Услышать музыку души своей – затаенную, не
громкую, не бравурную, не утратить ее с годами, сердцем, словно радаром,
уловить ее чистое и загадочное звучание, различить безошибочно пульс стиха, его
надиктованный свыше ритм, не захлебнуться в потоке слов родного языка, отобрать
единственные – так рождаются поэты, но это лишь одна составляющая, вторая – его
судьба, доля, удел в круговороте времени: суметь устоять на ногах в доставшихся
тебе координатах, без скулежа, без печалований нести свой жребий. Так мне
представляются две составляющие, пользуясь математической терминологией,
вектора Поэта, если он, Поэт, состоялся.
А Борис Слуцкий состоялся.
Как я ни доискивался, ни допытывался –
отроческие, юношеские стихи поэта не сохранились, но воспоминания о харьковском
предвоенном друге, хорошем поэте Михаиле Кульчицком, убитом па самом взлете
судьбы, – в штыковом бою под Сталинградом, Борис пронес через всю свою жизнь,
помог родным издать единственную книгу стихов, посвятил его памяти много своих
стихов, в том числе «Декабрь1941 года».
Та линия, которую мы гнули,
Дорога, по которой юность шла,
Была прямою от стиха до пули –
Кратчайшим расстоянием была.
<…>
Морозы лужи накрепко стеклят,
Трещат, искрятся, как в печи поленья:
Настали дни проверки исполненья,
Проверки исполненья наших клятв.
И когда в конце 1960-х, в нескончаемом горьком
списке имен погибших, высеченных на мрачном мраморе мемориального комплекса в
Волгограде, я не обнаружил свою фамилию, точнее – своего дяди Бориса Баткина,
сержанта-пулеметчика (не похоронку, а последний фронтовой треугольник от него
мы получили с волжских берегов), но натолкнулся случайно на имя «М. Кульчицкий»

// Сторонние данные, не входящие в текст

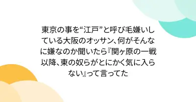 東京の事を“江戸”と呼び毛嫌いしている大阪のオッサン、何がそんなに嫌なのか聞いたら『関ヶ原の一戦以降、東の奴らがとにかく気に入らない』って言ってた
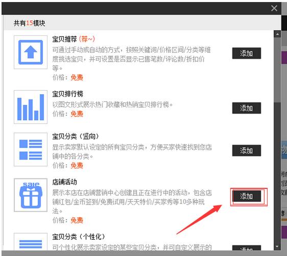 十九、點(diǎn)擊后看到了模塊頁面,里面有很多模塊供我們選擇,這個(gè)時(shí)候我們選擇“店鋪活動(dòng)”他的右側(cè)有一個(gè)“添加”按鈕點(diǎn)擊添加。

и помянул тогда и своего талантливого земляка, поэта, погибшего, как и миллионы
других, повторюсь, на самом взлете судьбы.
И в памяти, и в сердце не осталось,
кроме войны, ни звука, ни строки…
В русской советской поэзии Борис Слуцкий
останется поэтом фронтового поколения, но если Михаил Луконин и Семен Гудзенко
свои обугленные строки, пропахшие порохом и кровью, писали в окопах, а
стихотворение Константина Симонова «Жди меня», напечатанное в газете «Правда» в
феврале 1942 года, сделало наутро имя его автора всемирно известным, что можно
сравнить лишь со стихами «На смерть поэта» Михаила Лермонтова и «Бабьим Яром»
Евгения Евтушенко, то фронтовая поэзия Бориса Слуцкого, пропитанные кровью и потом,
но обращенные к прошлому строки, – боль неутихающая, честная исповедь участника
войны уже из мирного времени.
В марте 1961 года, едва ли не при первой
встрече, я спросил Бориса:
– Вы на фронте стихи писали? – И столкнулся с
жестким взглядом поэта, недоуменным, раздраженным, словно затронул что-то
недозволенное.
– А вы, Вильям, на шахте писали? – ответил
вопросом на вопрос мой задумчивый, скупой на откровения собеседник, словно
можно было сравнить мою в луганских угольных глубинах молодость с его – фронтовой.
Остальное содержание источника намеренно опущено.